Create an Engaging Culture for Greater Impact looks at changing culture through the lens of leadership development.
It’s an interesting take.
The report is the analysis of a global survey of views on leadership development fielded in July and August of 2015. With more than 7,500 survey responses from 107 countries, 3 in 4 of the leaders who responded were from their organizations’ business functions; the remainder were from HR.
That’s pretty unusual and made the results more interesting. Remember those demographics as you see some of the findings below.
7 leadership development priorities
I was interested to note that only one of the top seven priorities for leadership development is operationally performance driven: No. 4 — Accelerating time to performance. It was right in the middle of the pack.
No. 1 and No. 3 were change related, and No. 2 was talent acquisition related. I find these surprising from a group overwhelmingly made up of non-HR leaders.
But looking at the final three –Driving engagement, Diversifying the leadership pipeline, and Becoming more purpose and values driven – enables me to back off of my surprise.

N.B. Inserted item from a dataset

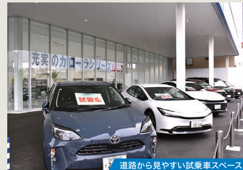
道路から見やすい試乗車スペース

If these were the only choices from which to rank the important leadership development priorities of senior leaders, then the only real surprise is that Accelerating time to performance is not rated the top priority.
The survey analysis goes on to suggest that Developing leaders to drive strategic change really means developing leaders to accelerate culture change.
That would be really interesting if true. That would mean that 5,625 very senior business leaders around the world think that changing their culture is their very top priority.
In fact, that would be outstanding because for someone like me, who thinks that culture is the one of the most critical business sustainability dynamics, this is music to my ears.
Remember again that the vast majority of respondents in this survey were not HR leaders. But the data ought to give HR leaders all over the world ammunition to begin to link their leadership development strategies to their organization’s business strategies in new and compelling ways — especially as they relate to culture change.
Where culture-leadership-strategy meet
Perhaps this paragraph from the report is one of the most simple descriptions of the interconnectedness of culture, leadership, and strategy – and so, performance:
The starting point for organization alignment is mission, purpose, and strategy. Ideally top leaders define these elements, the path to execution, and the values and behaviors that will support implementation and success.
Once they have done so, these individuals must communicate this information clearly, consistently, and repeatedly throughout the organization.”
And as this paper reports, leadership development – particularly as we are in the midst of a demographic sea change of Biblical proportions – may be an integral strategy for moving cultures forward for performance, for talent acquisition, and, for business sustainability.